Tyndall Glacier (Alaska)

Named for John Tyndall (a 19th-century Irish physicist, natural philosopher, and glaciologist), Tyndall Glacier originates in the basin formed by the southwestern face of Mount Saint Elias (the second-tallest mountain in the United States and the fourth-tallest in North America), as well as Mount Huxley, The Hump, and Haydon Peak in the Saint Elias Mountains.

Tyndall Glacier is sometimes used as a landing area for bush planes by parties seeking to climb Mount Saint Elias, as it was during the first winter ascent of the peak.

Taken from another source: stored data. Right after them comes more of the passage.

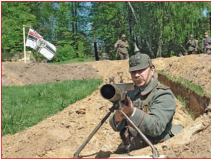
Прусский пулеметчик ▲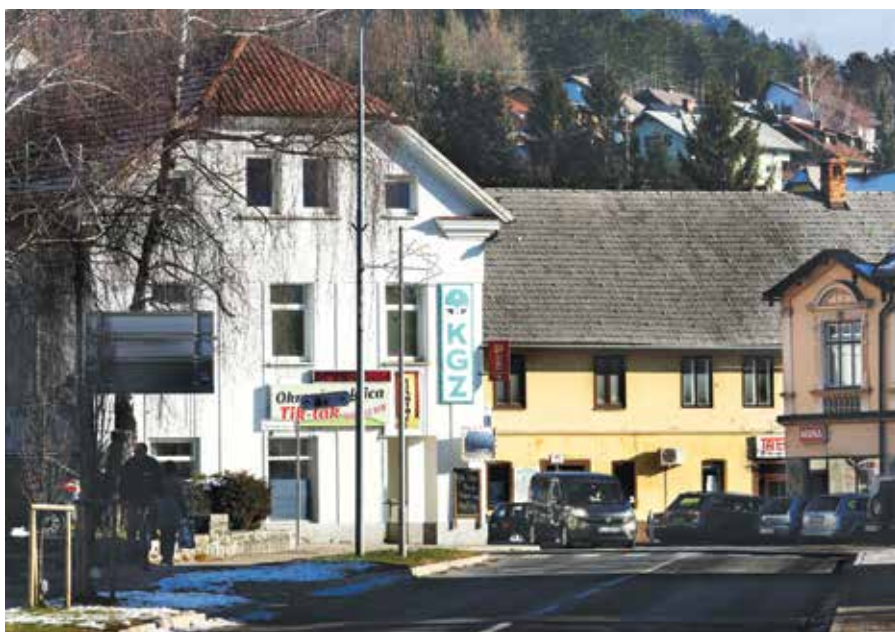
Trgovina v središču Cerknice sameva

Naši sogovorniki so mnenja, da je zaprtje trgovine v Begunjah katastrofa. Veliko vasi je tako ostalo brez možnosti nakupa najosnovnejših življenjskih potrebščin, ki se jih je v trgovini KGZ Krpan lahko kupilo po precej zmernih cenah. »Dokler so bile police še polne, smo lahko tudi v vaški trgovini opravili večje nakupe, tedenske. Tudi če česa ni bilo na zalogi, so trgovke uredile, da so dostavili v trgovino, in tako domačinom ni bilo treba v Cerknico ali še kam dlje,«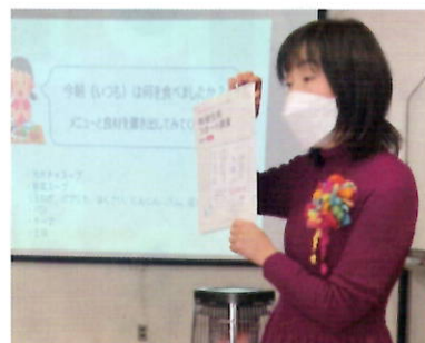
タンパク質は 朝に多く摂ったほうが筋力UP！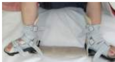
足部を70°外旋10°背屈保持する装具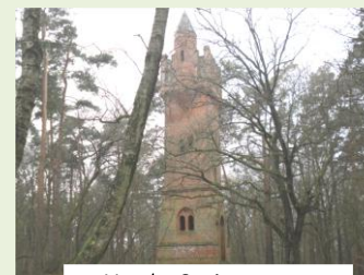
Vor der Sanierung

2010 befand sich der Salzwedeler Bismarckturm in einem bedauerlichen Zustand. Der im Jahr 2011 gegründete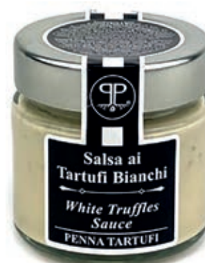
TAR320 SALSA TARTUFO BIANCO 5% GR. 90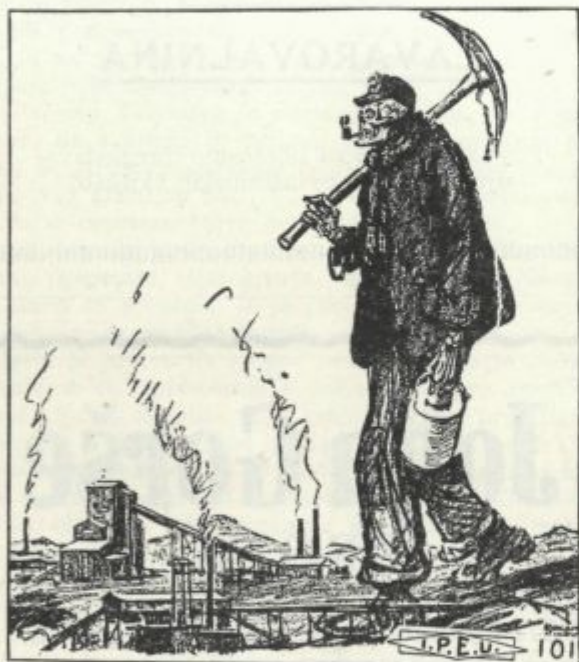
Rudar, kakršnega bi ne bilo treba.

Prvi maj je praznik DELA. To je NAŠ dan! Zavedno delavstvo po vsem svetu se bo tudi letos zbiralo skupaj, pregledalo svoje poljane, se ozrlo na svoje padle tovariše, potem pa zopet NAPREJ!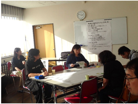
ディスカッション（A班）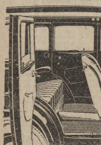
L'interno della berlina a 5 posti; si noti l'assenza del piantone centrale e la completa apertura delle portiere

La Fiat presenta al Salone di Milano 1933 - che s'inaugura con la Fiera il 13 aprile - una novità assoluta: una nuova « 4 cilindri » che prende il nome di « Ardita ».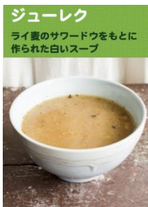
ジューレク ライ麦のサワードウをもとに作られた白いスープ

北海道大学ポーランド人留学生会 協賛:ポーランド広報文化センター 後援:北海道ポーランド文化協会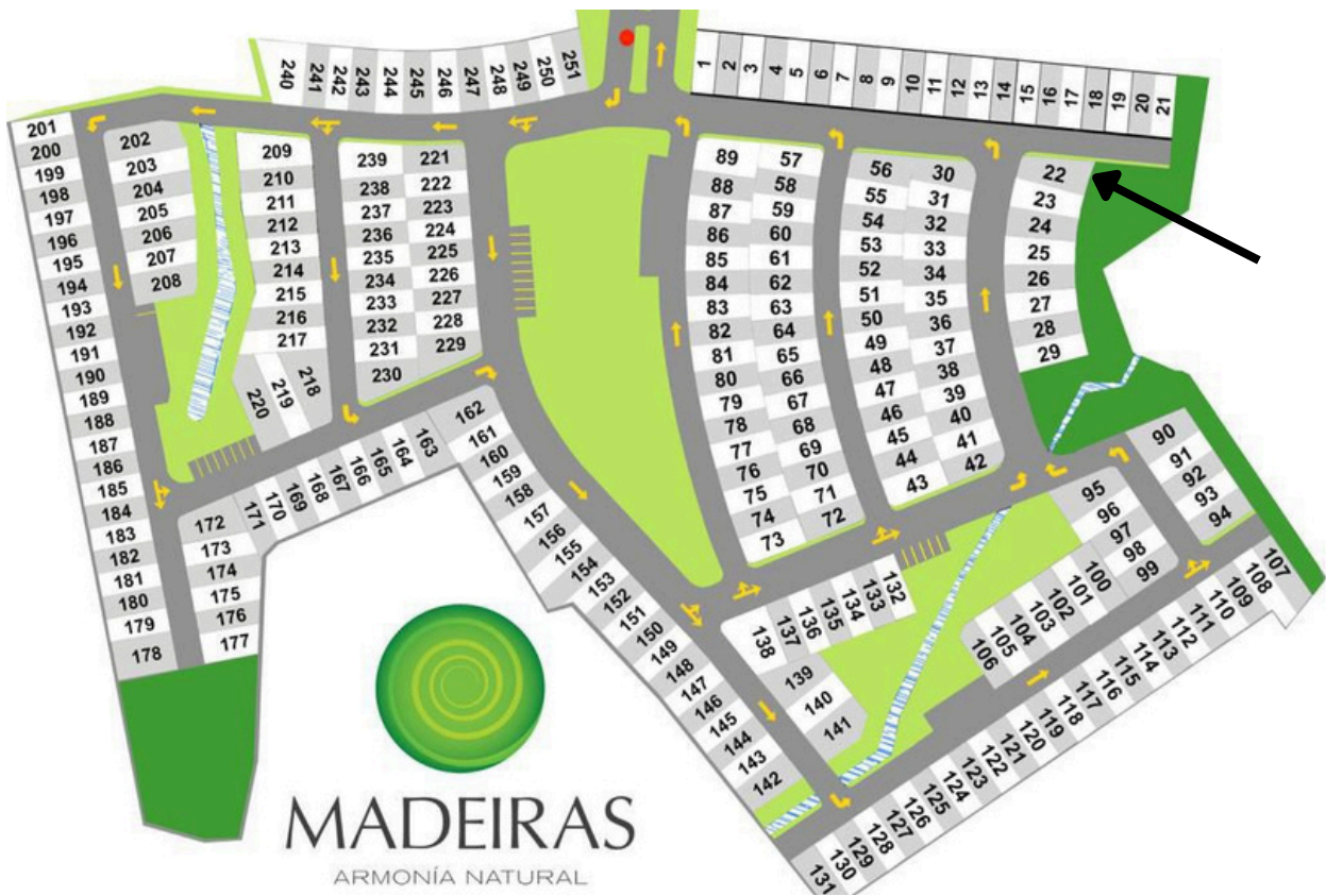
MAPA DE FRACCIONAMIENTO

[3] Tyndall Glacier first started to advance out of Taan Fjord around AD 1400, and reached its Little Ice Age maximum length at the mouth of Icy Bay at some point prior to 1794, when George Vancouver mapped the ice extending out from Icy Bay.

[4] Since 1991, the glacier's retreat has stabilized, with a terminus at a "shallow bedrock constriction at the head of the fjord," called Hoof Hill.

[7][4] Mountaineer and explorer Bradford Washburn noted in 1992 that the glacier's retreat has meant that the summit of Mount Saint Elias is only twelve miles from tidewater, exacerbating the peak's immense vertical relief.